第1に、社会保険料のアップではダメだ。(前にも示した通り。)しかも、さらに、「これは逆効果だ」とすら言える。若い低所得の独身者が、金がなくて結婚できない、というのが現状だ。ここで、若い低所得の独身者を集中的に狙って、社会保険料のアップをしたら、ますます結婚できなくなる。そうなれば、ますます少子化が進む。「少子化を防ごうとして、子持ちの夫婦に金を出す」というふうにしたら、「まずしい独身者が結婚できなくなって、ますます少子化が進む」というふうになるわけだ。まさしく逆効果。政府の方針に従えば従うほど、どんどん少子化が進むわけだ。倒錯的と言える。
第2に、正解はすでに判明している。若い低所得の独身者の所得を増やすことだ。そのためには、非正規雇用を減らしたり、女性差別を減らしたりすることが大切だ。そうしてこそ、若い低所得の独身者が結婚できるようになる。この件は、前に述べた通り。

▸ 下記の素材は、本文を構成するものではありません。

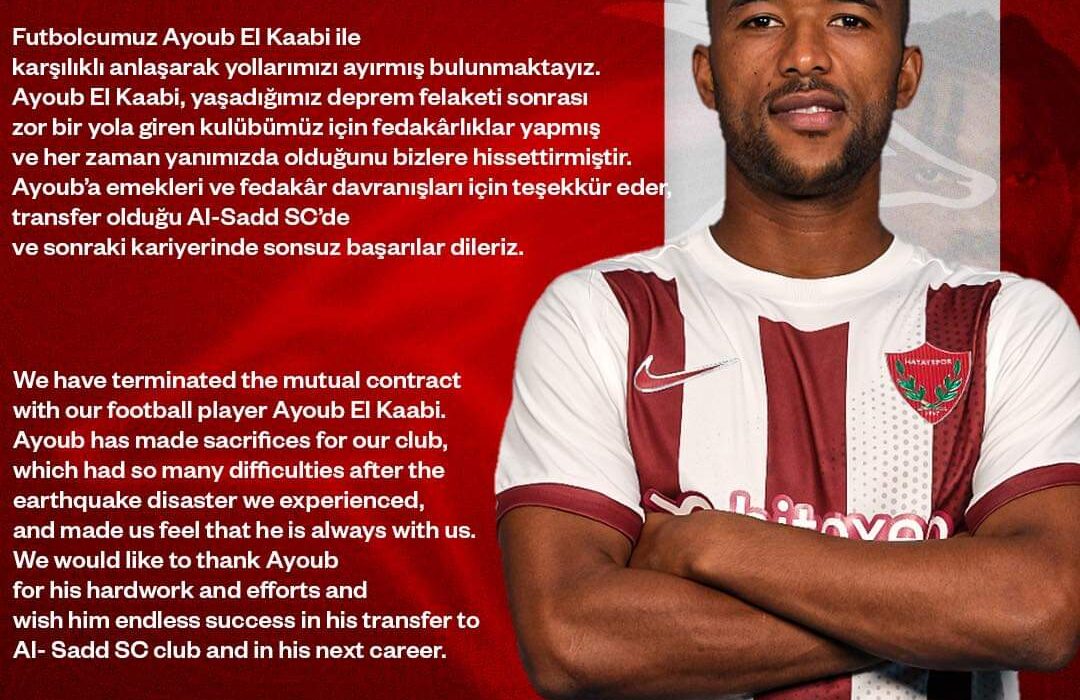29 Yaşındaki Faslı Milli Futbolcu Ayoub El Kaabi ile Hatayspor karşılıklı anlaşarak yolları ayırdı. Forvet oyuncusu El Kaabi Al Sadd SC kulübüne transfer oldu.

→ 少子化の対策 .2(企業責任): Open ブログ
→ 少子化の対策 .3(企業改革): Open ブログ
なのに、政府の方針には、そういう対策が記していない。「非正規雇用を減らしたり、女性差別を減らしたりする」という対策が抜けている。単に「莫大な金をばらまく」ということばかりを考えている。そこで「金を集めるにはどうするべきか」という財源対策を考える。だが、それは見当違いだ。
大切なのは、国が金を出すことではない。多額の給付金をばらまくことではない。多額の給付金をばらまいても、その金は打ち出の小槌から出てくるわけじゃない。単に他の国民からむしり取っているだけだ。そして、むしり取られるのは、若い低所得の独身者なのだ。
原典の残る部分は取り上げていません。